News & Updates: Rebuttable Presumption that Employees Contract COVID-19 at Work Extended Through January 1, 2023
Rebuttable Presumption that Employees Contract COVID-19 at Work Extended Through January 1, 2023
Posted by Susan Ansberry and Joseph Bevington IV
A new law that became effective September 17 has made it easier for employees to recover workers’ compensation benefits if they contract COVID-19 after working at an employer’s worksite.
May Executive Order
Normally, to be entitled to workers’ compensation benefits, an employee has the burden to prove that the employee’s injury or illness arose out of and was in the course of employment. In response to the COVID‑19 public health crisis, Governor Newsom issued an Executive Order in May 2020 that shifted this burden of proof to employers by creating a rebuttable presumption that illness arose out of employment where an employee contracted the COVID-19 virus within 14 days of working at an employer’s worksite. Rather than employees having to prove that they contracted COVID-19 in connection with work, employers had to disprove that they did.
While the Executive Order expired on July 5, 2020, California has now enacted Labor Code Section 3212.88 which extends the rebuttable presumption for claims relating to work performed on or after July 6, 2020. The new law, enacted as part of SB 1159, applies to employers with five or more employees. In addition to extending the rebuttable presumption to January 1, 2023, Section 3212.88 also requires employers to report to their workers’ compensation carriers all instances when an employer learns that an employee tests positive for COVID-19.
Rebuttable Presumption
Section 3212.88’s rebuttable presumption is more limited than the presumption in the Executive Order which applied to all employees who tested positive within 14 days of being at work. Under Section 3212.88, a rebuttable presumption arises only where an employee tests positive for COVID-19 during a period of an “outbreak.” An “outbreak” exists in two circumstances: (1) where 4 percent of employees at a worksite (or 4 employees for employers with fewer than 100 employees at a worksite) test positive for COVID-19 within a 14 calendar day period, or (2) where an employee tests positive within 14 days of a state or local public health department, Cal/OSHA, or a school superintendent ordering the employee’s worksite to close due to a risk of infection with COVID-19.

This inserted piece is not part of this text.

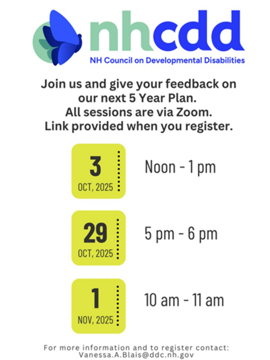 CONCORD, NH – The public is invited to join the NH Council on Developmental Disabilities for a virtual feedback session on the NHCDD proposed 5 Year Plan. There will be 3 sessions – Oct. 3, 12-1 p.m.; Oct. 29, 5-6 p.m. ad Nov. 1, 10-11 a.m. For more information please contact Vanessa Blais, Director of Policy and Planning at Vanessa.A.Blais@ddc.nh.gov or 603-271-7040.

Even if an employee tests positive for COVID-19 during an outbreak at a worksite, an employer may still attempt to show that the employee’s illness did not arise from work. Section 3212.88 provides that an employer can overcome the rebuttable presumption that an employee’s infection was work-related by presenting evidence of measures the employer took to reduce potential transmission of COVID-19 in the employee’s place of employment and/or evidence of an employee’s nonoccupational risks of COVID-19 infection—e.g., that the employee engaged in activities or had contacts outside of work that increased the risk of infection. Whether the illness was work-related will ultimately be determined by a workers’ compensation judge.
Reporting Requirements
Section 3212.88 imposes significant reporting requirements for positive test results since July 6, 2020, with penalties for failing to make required reports. When any employee tests positive for COVID-19 on or after September 17, the employer must report the following information to its workers’ compensation claims administrator via email or fax within three business days of learning of the positive test result:
- An employee has tested positive (Note that the employer should not identify the employee who tested positive for COVID-19 unless the employee asserts the infection was work-related or has submitted a workers’ compensation claim form.);
- The date that the employee tested positive, which is the date the specimen was collected for testing, not the date the results were received;
- The specific address or addresses of where the employee worked during the 14-day period preceding the date of the employee’s positive test; and
- The highest number of employees who reported to work at the employee’s specific work location(s) in the 45-day period preceding the last day the employee worked at each specific work location. (Note: For employees testing positive from July 6, 2020 through September 16, 2020, employers must report the highest number of employees who reported to work at each of the employee’s work location(s) on any given work day within that date range.)
For employees who tested positive between July 6, 2020 and September 16, 2020, employers have until October 17, 2020 to report the above information to their carrier.
The reporting requirements of the new law are in addition to the requirements for employers to report positive COVID-19 test results to public health agencies and to Cal/OSHA.